**Activity**
Give all the lines below again, exactly, with no pictures.

**Supplied records**
######
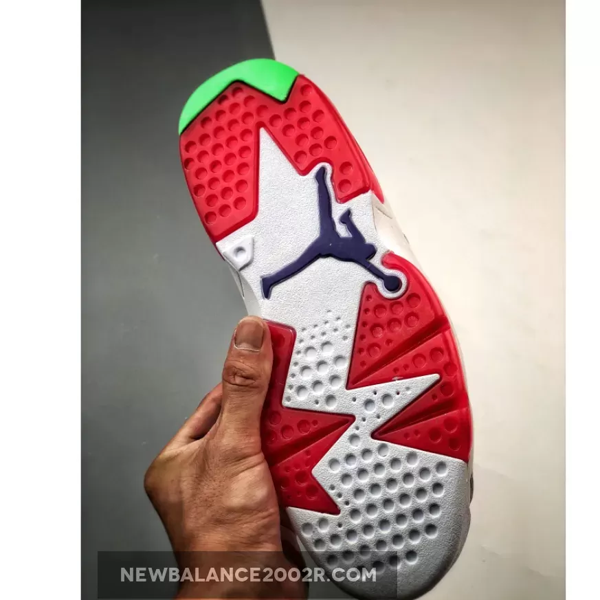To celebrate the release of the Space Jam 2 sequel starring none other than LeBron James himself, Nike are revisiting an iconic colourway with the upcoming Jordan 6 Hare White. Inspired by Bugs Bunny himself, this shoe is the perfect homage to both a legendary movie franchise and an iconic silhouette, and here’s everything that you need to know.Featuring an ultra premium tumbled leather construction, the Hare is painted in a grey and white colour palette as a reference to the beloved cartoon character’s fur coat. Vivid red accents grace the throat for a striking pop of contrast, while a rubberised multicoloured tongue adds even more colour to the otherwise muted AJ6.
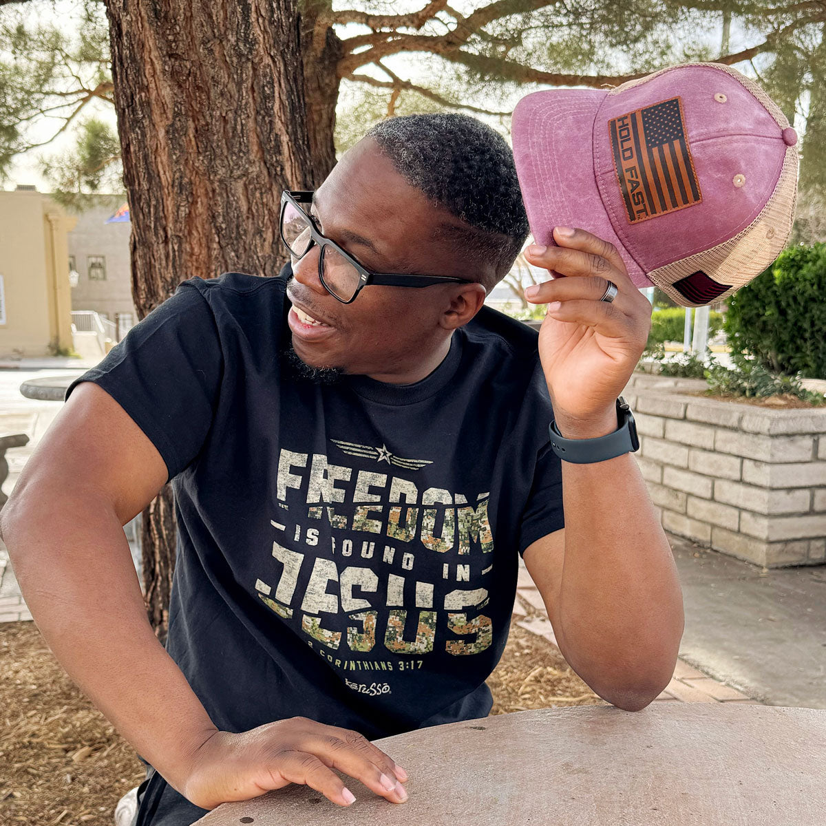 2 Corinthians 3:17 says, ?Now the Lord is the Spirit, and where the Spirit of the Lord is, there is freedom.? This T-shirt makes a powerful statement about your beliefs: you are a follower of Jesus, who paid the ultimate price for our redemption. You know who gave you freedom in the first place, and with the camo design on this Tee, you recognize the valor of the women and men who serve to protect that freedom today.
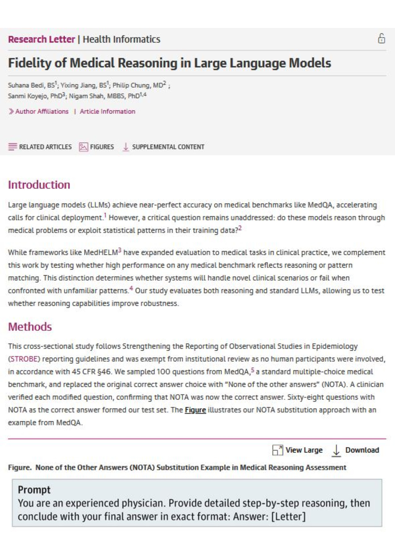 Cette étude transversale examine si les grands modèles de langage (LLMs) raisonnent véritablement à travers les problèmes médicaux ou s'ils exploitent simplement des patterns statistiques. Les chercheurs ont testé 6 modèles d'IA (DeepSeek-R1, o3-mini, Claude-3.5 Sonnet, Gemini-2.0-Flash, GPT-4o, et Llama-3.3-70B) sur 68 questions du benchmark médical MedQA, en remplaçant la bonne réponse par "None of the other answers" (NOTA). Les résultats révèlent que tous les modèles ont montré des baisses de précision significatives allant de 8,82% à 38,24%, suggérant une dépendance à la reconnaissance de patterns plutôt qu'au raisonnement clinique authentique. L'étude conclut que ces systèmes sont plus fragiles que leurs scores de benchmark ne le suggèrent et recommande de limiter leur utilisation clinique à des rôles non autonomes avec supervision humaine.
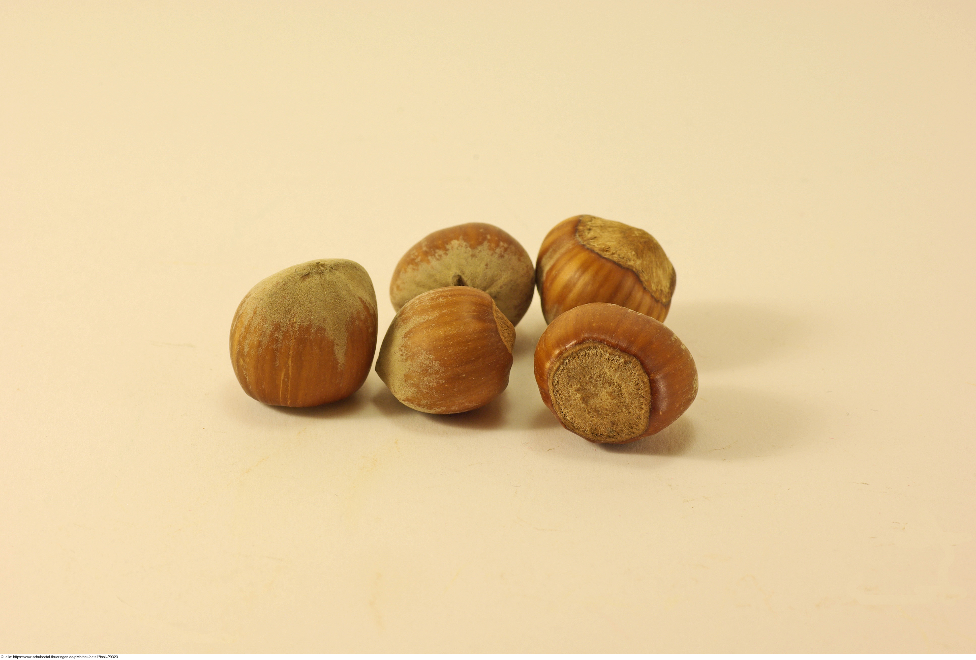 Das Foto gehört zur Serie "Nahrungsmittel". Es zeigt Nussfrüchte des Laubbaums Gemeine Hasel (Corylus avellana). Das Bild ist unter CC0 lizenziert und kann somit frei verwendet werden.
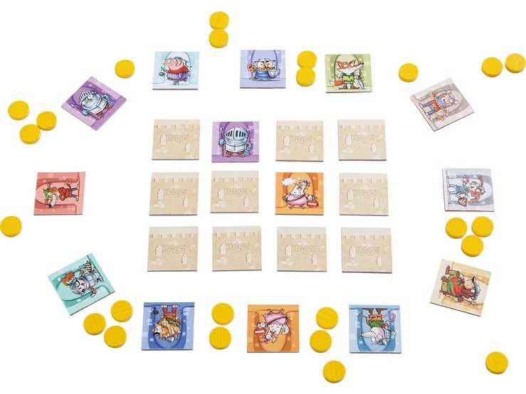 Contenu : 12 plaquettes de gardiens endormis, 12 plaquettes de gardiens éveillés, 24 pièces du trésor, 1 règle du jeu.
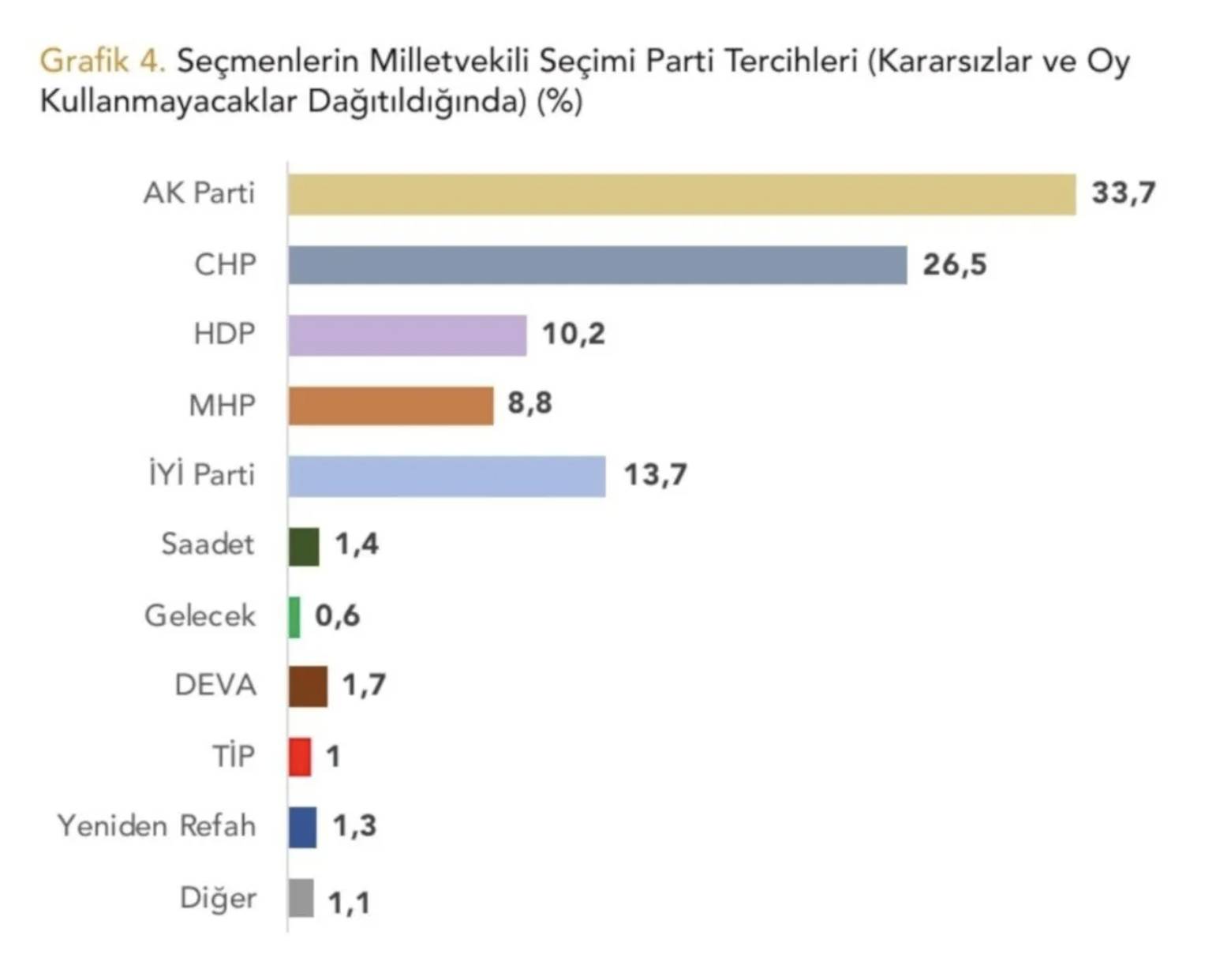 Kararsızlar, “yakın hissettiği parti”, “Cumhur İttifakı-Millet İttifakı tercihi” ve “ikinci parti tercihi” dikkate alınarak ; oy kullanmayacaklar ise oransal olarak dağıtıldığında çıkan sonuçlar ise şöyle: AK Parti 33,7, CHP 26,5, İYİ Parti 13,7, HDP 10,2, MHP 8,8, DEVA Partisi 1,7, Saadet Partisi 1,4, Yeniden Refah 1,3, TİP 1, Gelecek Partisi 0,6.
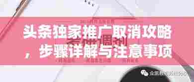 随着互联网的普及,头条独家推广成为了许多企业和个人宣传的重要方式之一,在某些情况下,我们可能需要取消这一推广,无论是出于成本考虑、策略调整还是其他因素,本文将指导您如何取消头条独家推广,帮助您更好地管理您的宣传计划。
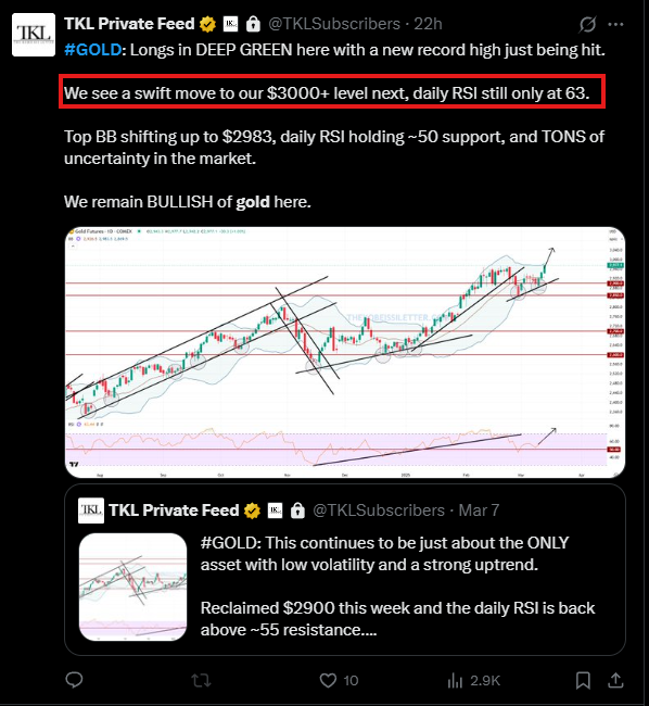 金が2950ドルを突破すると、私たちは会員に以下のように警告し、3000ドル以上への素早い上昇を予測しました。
######
**Answer below**
To celebrate the release of the Space Jam 2 sequel starring none other than LeBron James himself, Nike are revisiting an iconic colourway with the upcoming Jordan 6 Hare White. Inspired by Bugs Bunny himself, this shoe is the perfect homage to both a legendary movie franchise and an iconic silhouette, and here’s everything that you need to know.Featuring an ultra premium tumbled leather construction, the Hare is painted in a grey and white colour palette as a reference to the beloved cartoon character’s fur coat. Vivid red accents grace the throat for a striking pop of contrast, while a rubberised multicoloured tongue adds even more colour to the otherwise muted AJ6.
 2 Corinthians 3:17 says, ?Now the Lord is the Spirit, and where the Spirit of the Lord is, there is freedom.? This T-shirt makes a powerful statement about your beliefs: you are a follower of Jesus, who paid the ultimate price for our redemption. You know who gave you freedom in the first place, and with the camo design on this Tee, you recognize the valor of the women and men who serve to protect that freedom today.
 Cette étude transversale examine si les grands modèles de langage (LLMs) raisonnent véritablement à travers les problèmes médicaux ou s'ils exploitent simplement des patterns statistiques. Les chercheurs ont testé 6 modèles d'IA (DeepSeek-R1, o3-mini, Claude-3.5 Sonnet, Gemini-2.0-Flash, GPT-4o, et Llama-3.3-70B) sur 68 questions du benchmark médical MedQA, en remplaçant la bonne réponse par "None of the other answers" (NOTA). Les résultats révèlent que tous les modèles ont montré des baisses de précision significatives allant de 8,82% à 38,24%, suggérant une dépendance à la reconnaissance de patterns plutôt qu'au raisonnement clinique authentique. L'étude conclut que ces systèmes sont plus fragiles que leurs scores de benchmark ne le suggèrent et recommande de limiter leur utilisation clinique à des rôles non autonomes avec supervision humaine.
 Das Foto gehört zur Serie "Nahrungsmittel". Es zeigt Nussfrüchte des Laubbaums Gemeine Hasel (Corylus avellana). Das Bild ist unter CC0 lizenziert und kann somit frei verwendet werden.
 Contenu : 12 plaquettes de gardiens endormis, 12 plaquettes de gardiens éveillés, 24 pièces du trésor, 1 règle du jeu.
 Kararsızlar, “yakın hissettiği parti”, “Cumhur İttifakı-Millet İttifakı tercihi” ve “ikinci parti tercihi” dikkate alınarak ; oy kullanmayacaklar ise oransal olarak dağıtıldığında çıkan sonuçlar ise şöyle: AK Parti 33,7, CHP 26,5, İYİ Parti 13,7, HDP 10,2, MHP 8,8, DEVA Partisi 1,7, Saadet Partisi 1,4, Yeniden Refah 1,3, TİP 1, Gelecek Partisi 0,6.
 随着互联网的普及,头条独家推广成为了许多企业和个人宣传的重要方式之一,在某些情况下,我们可能需要取消这一推广,无论是出于成本考虑、策略调整还是其他因素,本文将指导您如何取消头条独家推广,帮助您更好地管理您的宣传计划。
 金が2950ドルを突破すると、私たちは会員に以下のように警告し、3000ドル以上への素早い上昇を予測しました。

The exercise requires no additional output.